**Data extracted from a collection**
──────────────────────────────
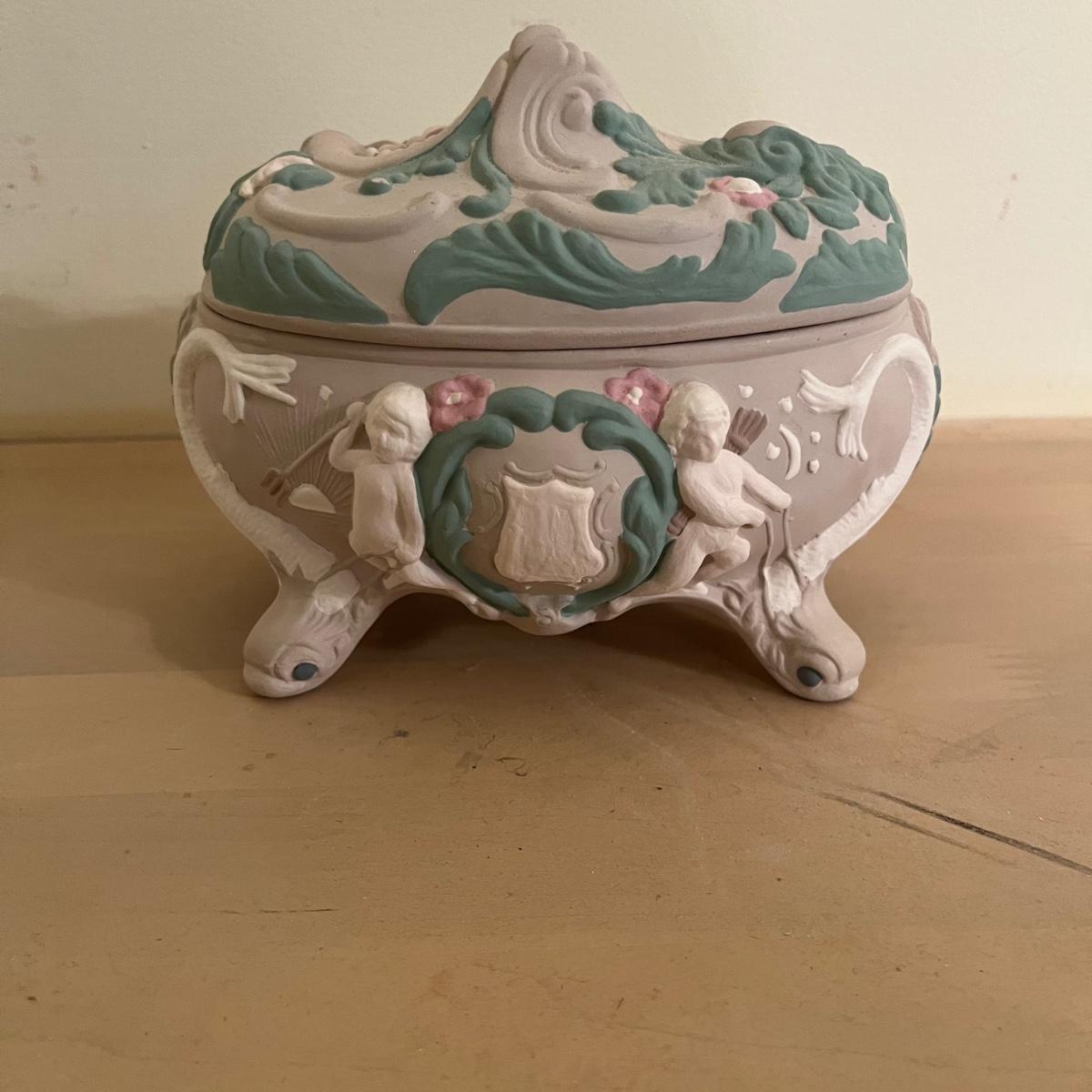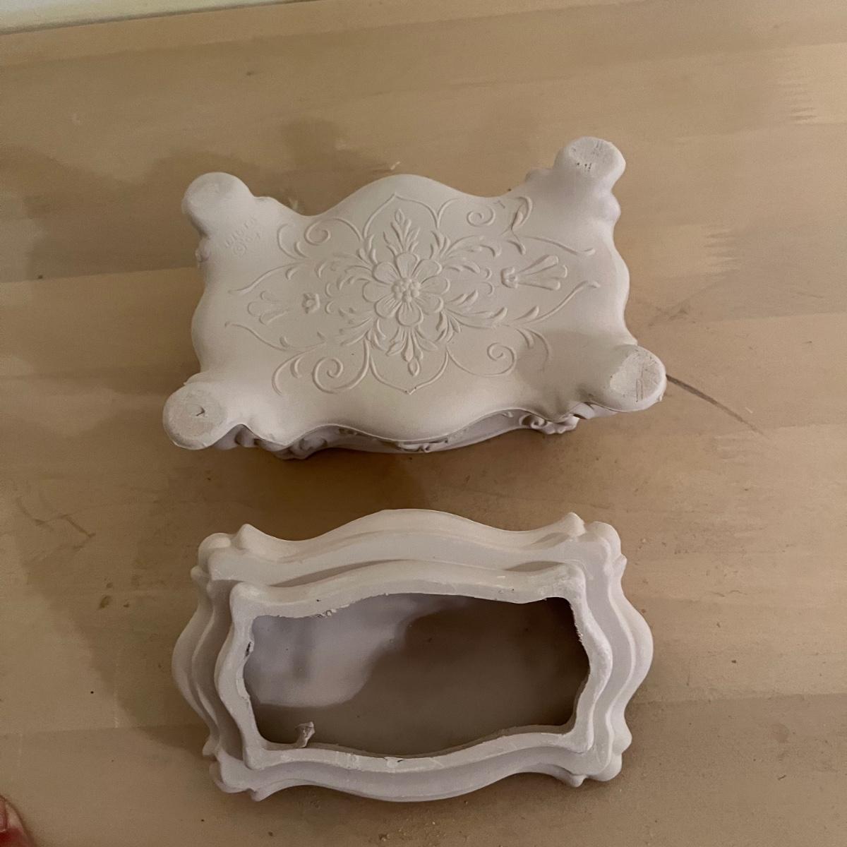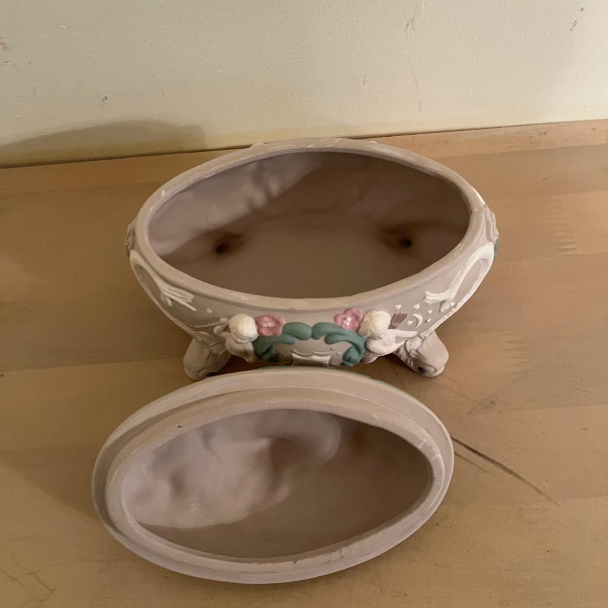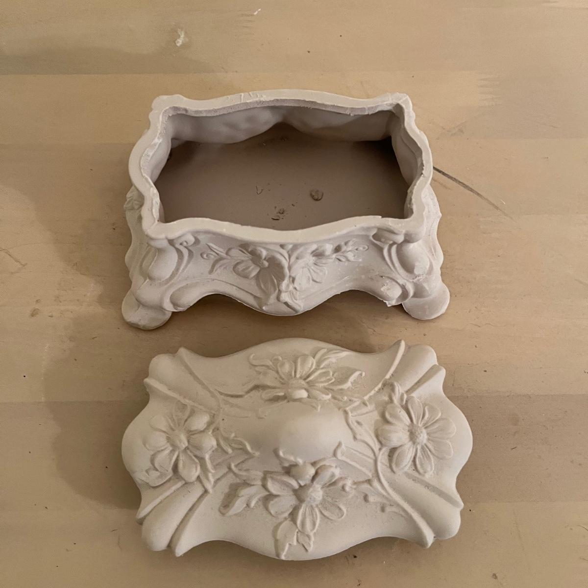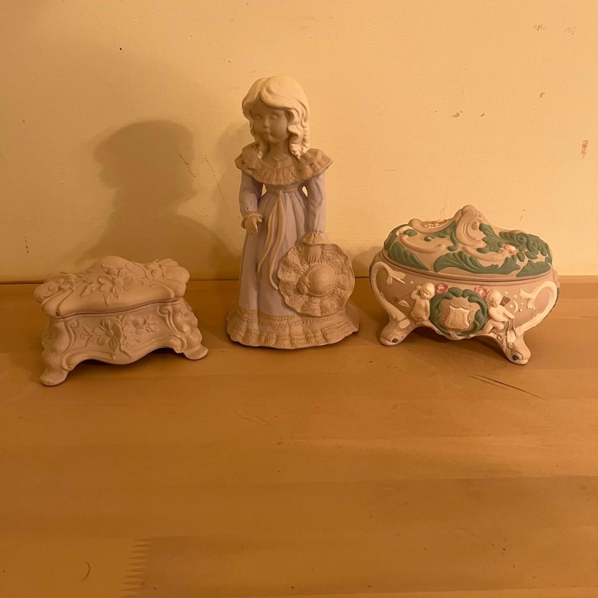 Lot includes one painted and one unpainted ceramic box and a painted ceramic figurine that measures 4.5” D x 8.5” tall.
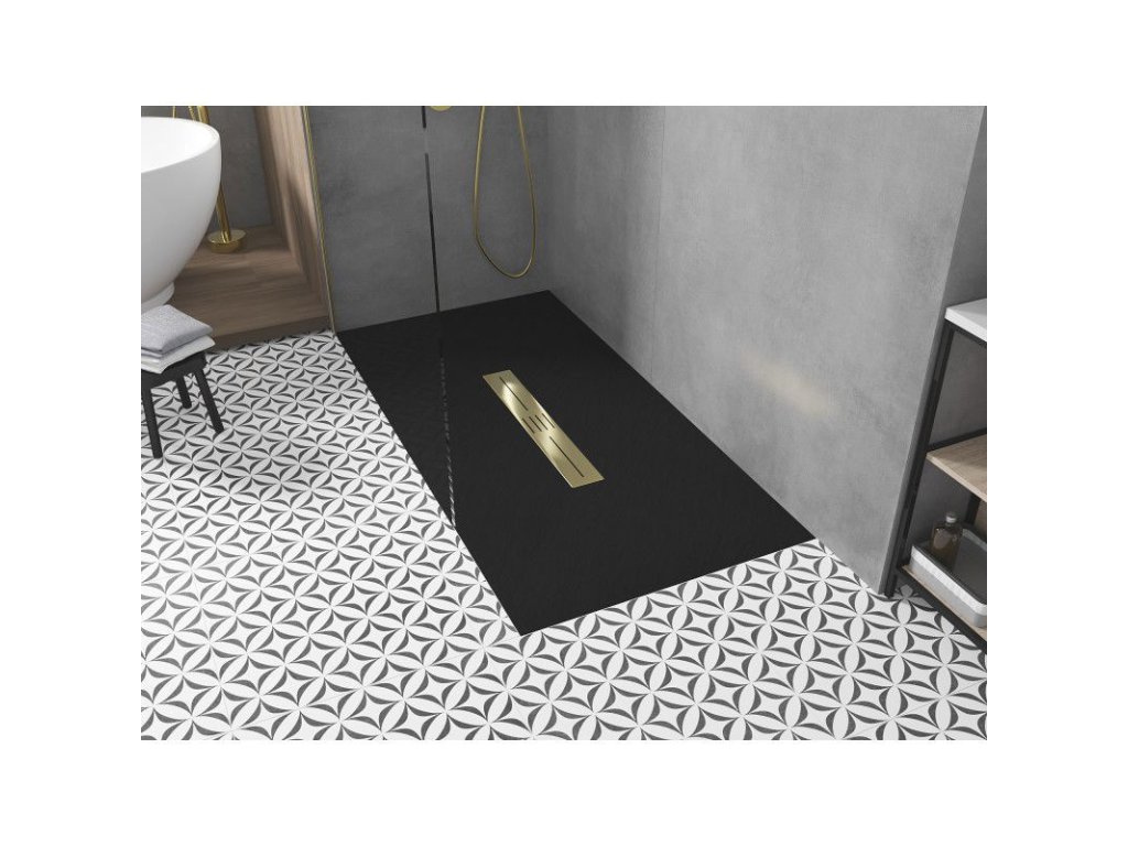 Mexen Toro obdĺžniková sprchová vanička SMC 200 x 70 cm, čierna, zlatá mriežka - 43707020-G
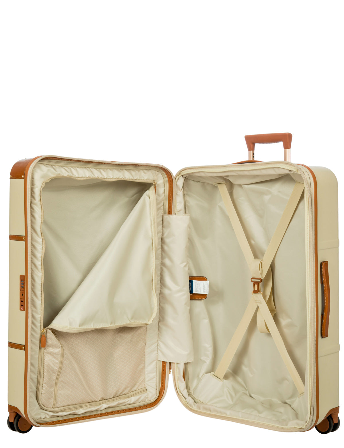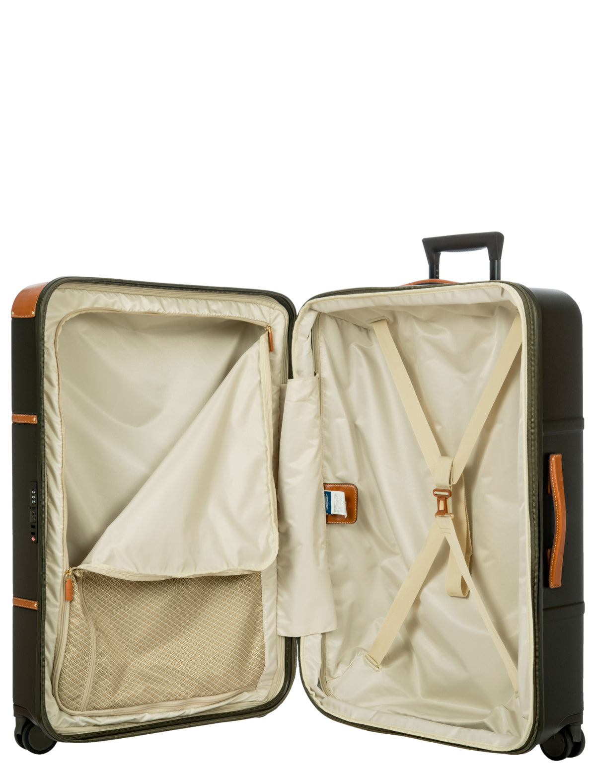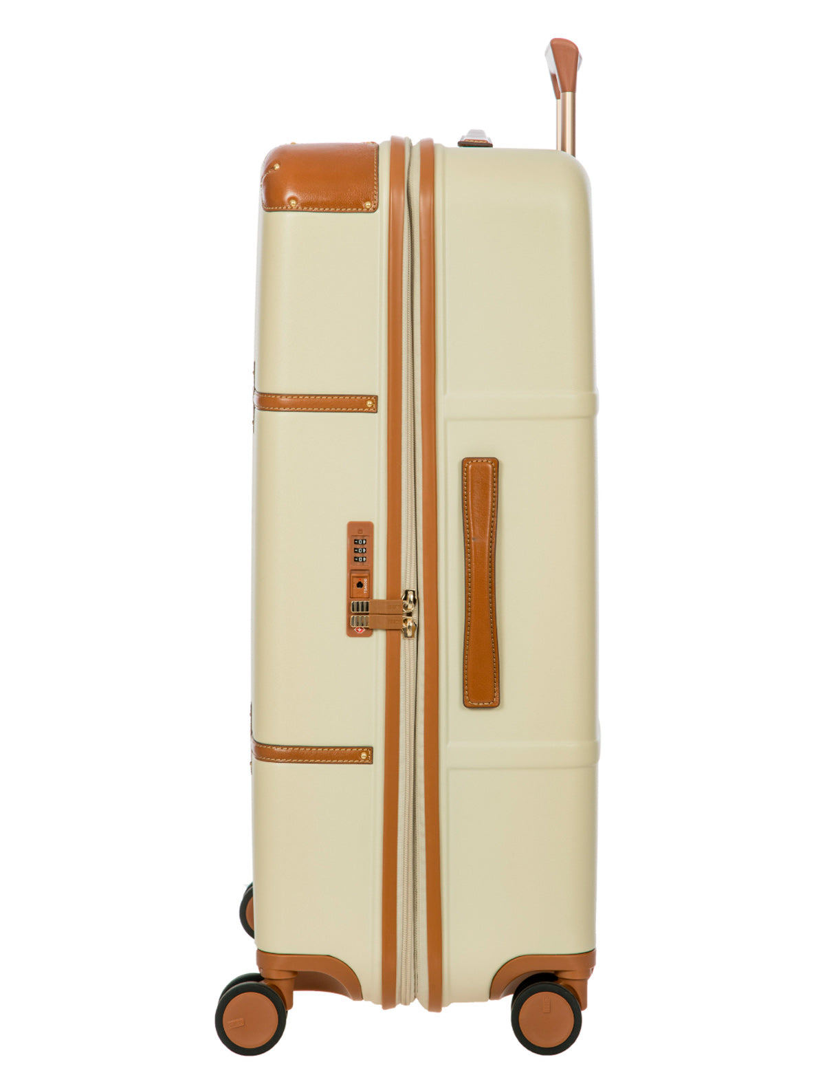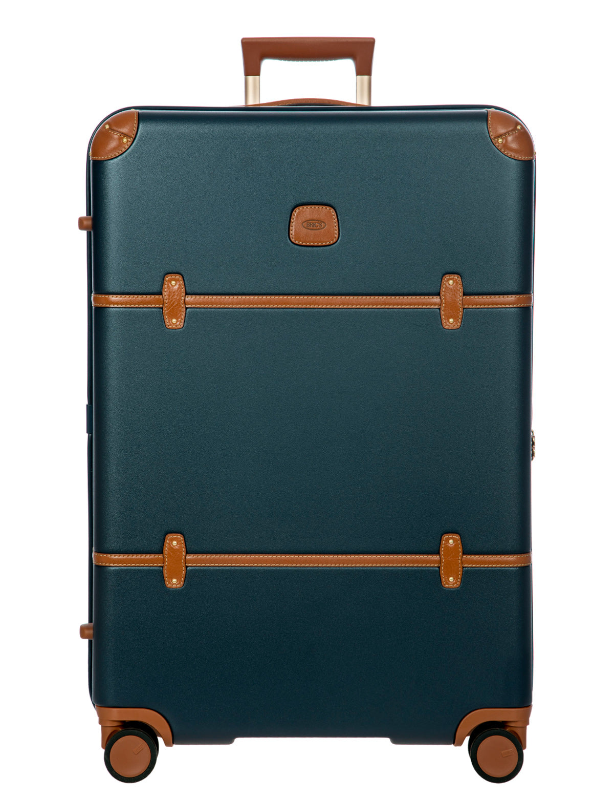 Bric's suitcase large model 76 cm with zip expandability. Made of recycled polycarbonate with leather details
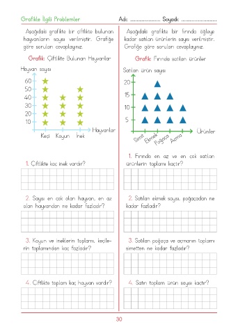 Grafik: Çiftlikte Bulunan Hayvanlar Grafik: Fırında satılan ürünler
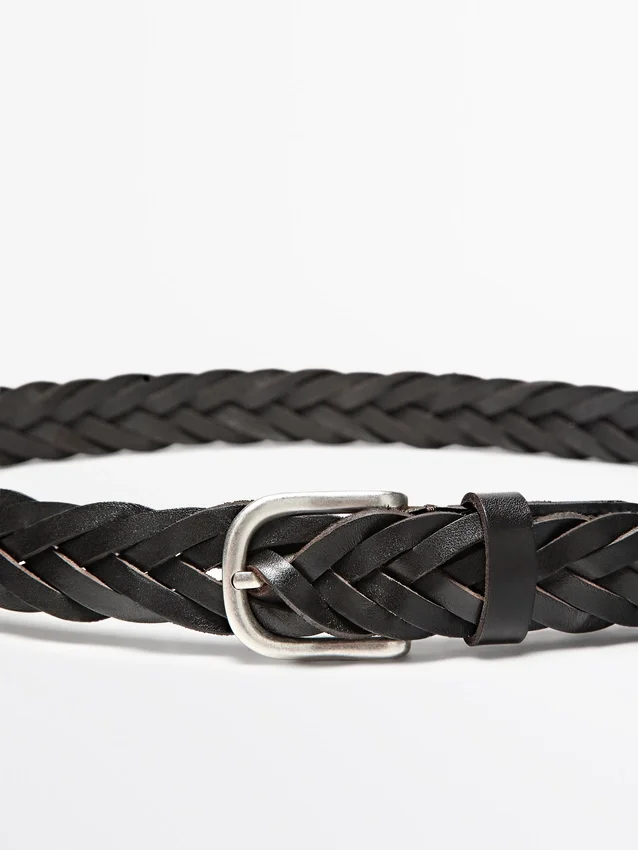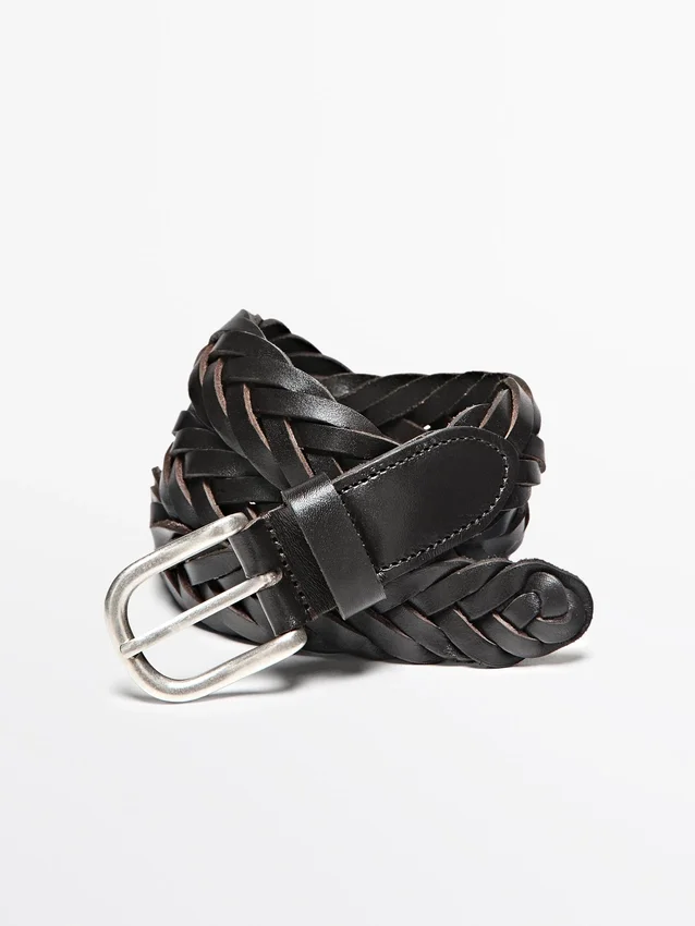 Belt Made of Cowhide Leather with a Nappa Finish. 3 Cm Wide. Braided Detail. Metal Buckle Closure.
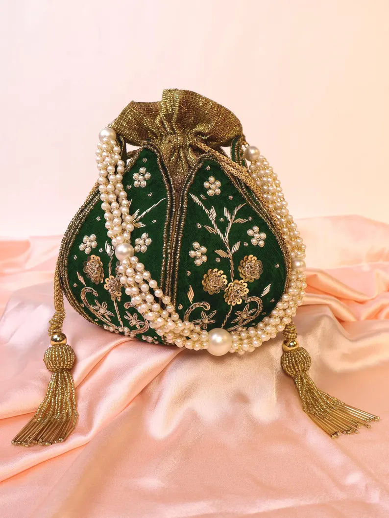 Step into timeless tradition with the AMASHA Potli Bag, handcrafted from fine cloth and decorated with delicate embellishments. Every detail reflects heritage artistry, making it the perfect match for lehengas, sarees, and festive ensembles. Light to carry and rich in cultural appeal, this potli is a beautiful blend of style and craftsmanship.
──────────────────────────────
**About this task**
Only the words belong in your copy: restate the data above exactly and leave the images out.

**Task result**
 Lot includes one painted and one unpainted ceramic box and a painted ceramic figurine that measures 4.5” D x 8.5” tall.
 Mexen Toro obdĺžniková sprchová vanička SMC 200 x 70 cm, čierna, zlatá mriežka - 43707020-G
 Bric's suitcase large model 76 cm with zip expandability. Made of recycled polycarbonate with leather details
 Grafik: Çiftlikte Bulunan Hayvanlar Grafik: Fırında satılan ürünler
 Belt Made of Cowhide Leather with a Nappa Finish. 3 Cm Wide. Braided Detail. Metal Buckle Closure.
 Step into timeless tradition with the AMASHA Potli Bag, handcrafted from fine cloth and decorated with delicate embellishments. Every detail reflects heritage artistry, making it the perfect match for lehengas, sarees, and festive ensembles. Light to carry and rich in cultural appeal, this potli is a beautiful blend of style and craftsmanship.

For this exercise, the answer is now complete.